_Problem details_
Produce word for word the lines of the data below running from the one that has "Мне тоже такие" to the one that has "The Blue Beehive", inclusive, and no others.

_Extracted data_
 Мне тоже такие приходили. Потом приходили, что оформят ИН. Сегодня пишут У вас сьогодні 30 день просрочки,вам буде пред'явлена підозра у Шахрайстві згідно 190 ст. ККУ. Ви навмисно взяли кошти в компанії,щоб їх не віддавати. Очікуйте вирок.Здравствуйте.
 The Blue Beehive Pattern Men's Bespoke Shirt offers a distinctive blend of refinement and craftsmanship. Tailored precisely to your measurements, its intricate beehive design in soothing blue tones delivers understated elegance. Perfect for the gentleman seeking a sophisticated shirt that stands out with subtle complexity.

==

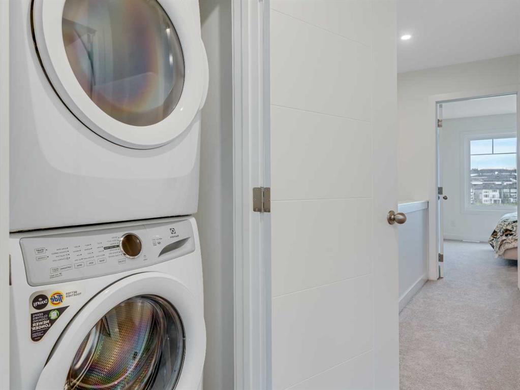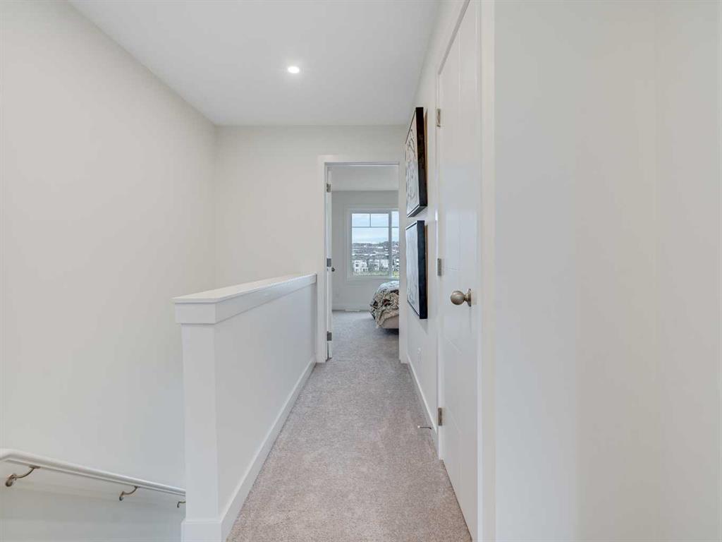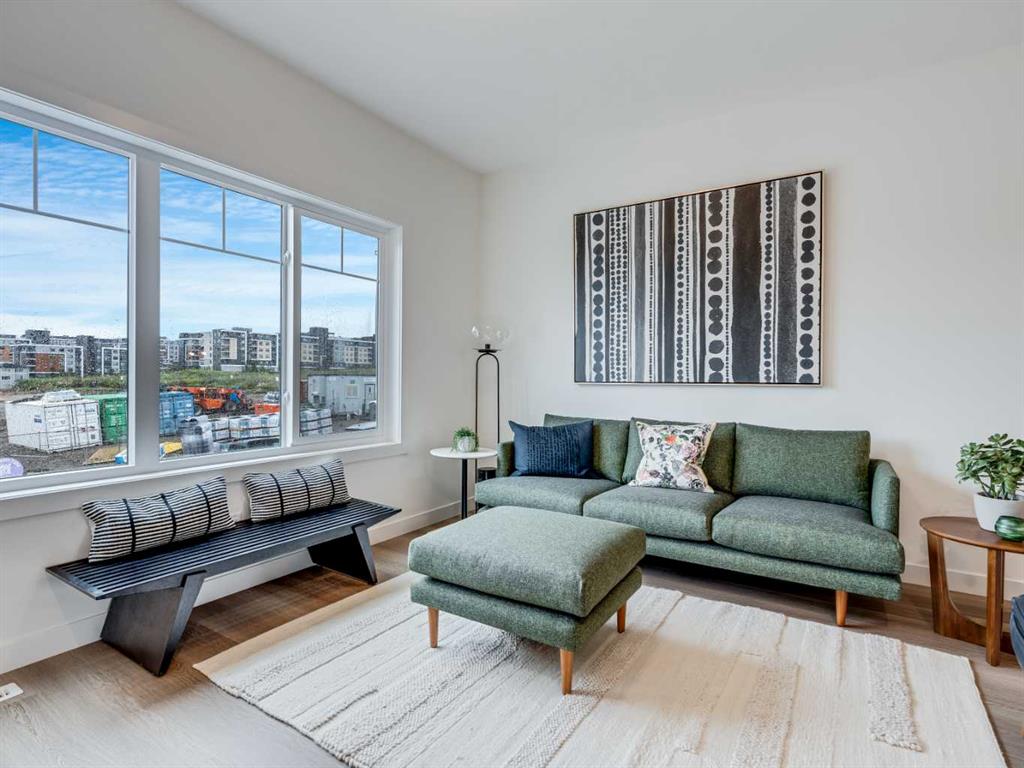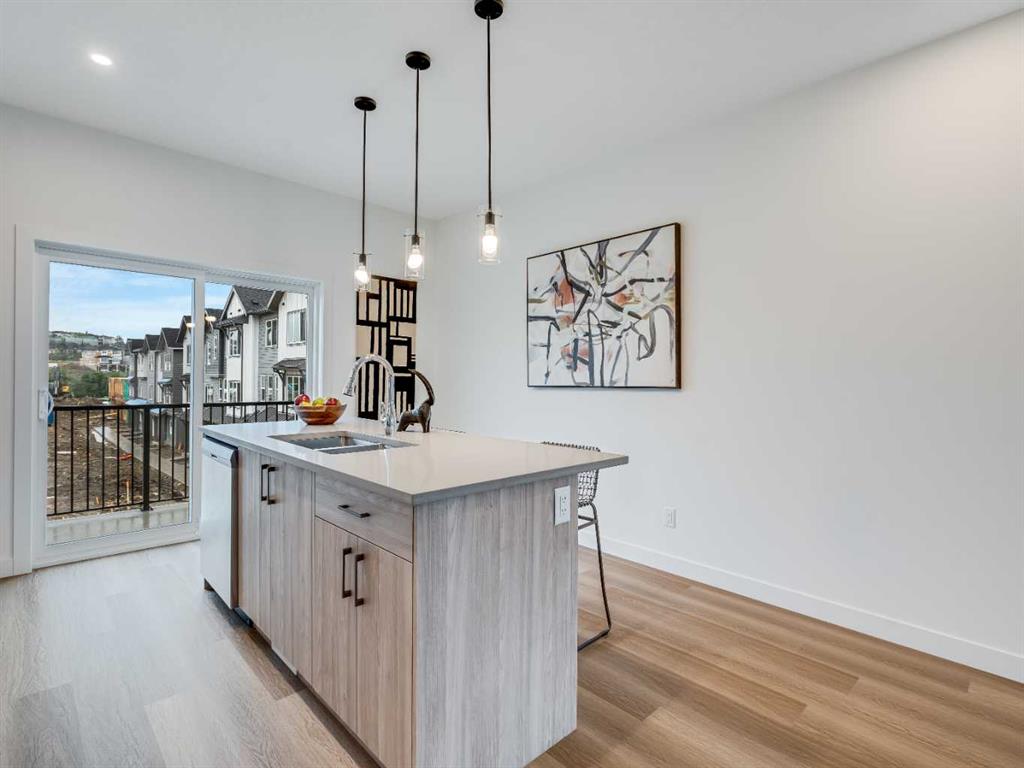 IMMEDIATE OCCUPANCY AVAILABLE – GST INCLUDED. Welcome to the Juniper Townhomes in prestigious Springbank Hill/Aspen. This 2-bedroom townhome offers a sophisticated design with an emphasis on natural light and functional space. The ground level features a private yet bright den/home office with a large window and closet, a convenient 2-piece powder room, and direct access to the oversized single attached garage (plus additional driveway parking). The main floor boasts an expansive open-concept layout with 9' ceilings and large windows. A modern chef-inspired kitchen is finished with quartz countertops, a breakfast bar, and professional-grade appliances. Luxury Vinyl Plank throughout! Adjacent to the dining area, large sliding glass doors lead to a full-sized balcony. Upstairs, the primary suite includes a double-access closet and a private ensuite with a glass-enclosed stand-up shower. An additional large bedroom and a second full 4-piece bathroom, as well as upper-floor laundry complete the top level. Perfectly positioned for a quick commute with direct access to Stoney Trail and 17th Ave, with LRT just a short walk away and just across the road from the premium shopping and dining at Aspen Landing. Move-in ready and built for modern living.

_Task solution_
 Мне тоже такие приходили. Потом приходили, что оформят ИН. Сегодня пишут У вас сьогодні 30 день просрочки,вам буде пред'явлена підозра у Шахрайстві згідно 190 ст. ККУ. Ви навмисно взяли кошти в компанії,щоб їх не віддавати. Очікуйте вирок.Здравствуйте.
 The Blue Beehive Pattern Men's Bespoke Shirt offers a distinctive blend of refinement and craftsmanship. Tailored precisely to your measurements, its intricate beehive design in soothing blue tones delivers understated elegance. Perfect for the gentleman seeking a sophisticated shirt that stands out with subtle complexity.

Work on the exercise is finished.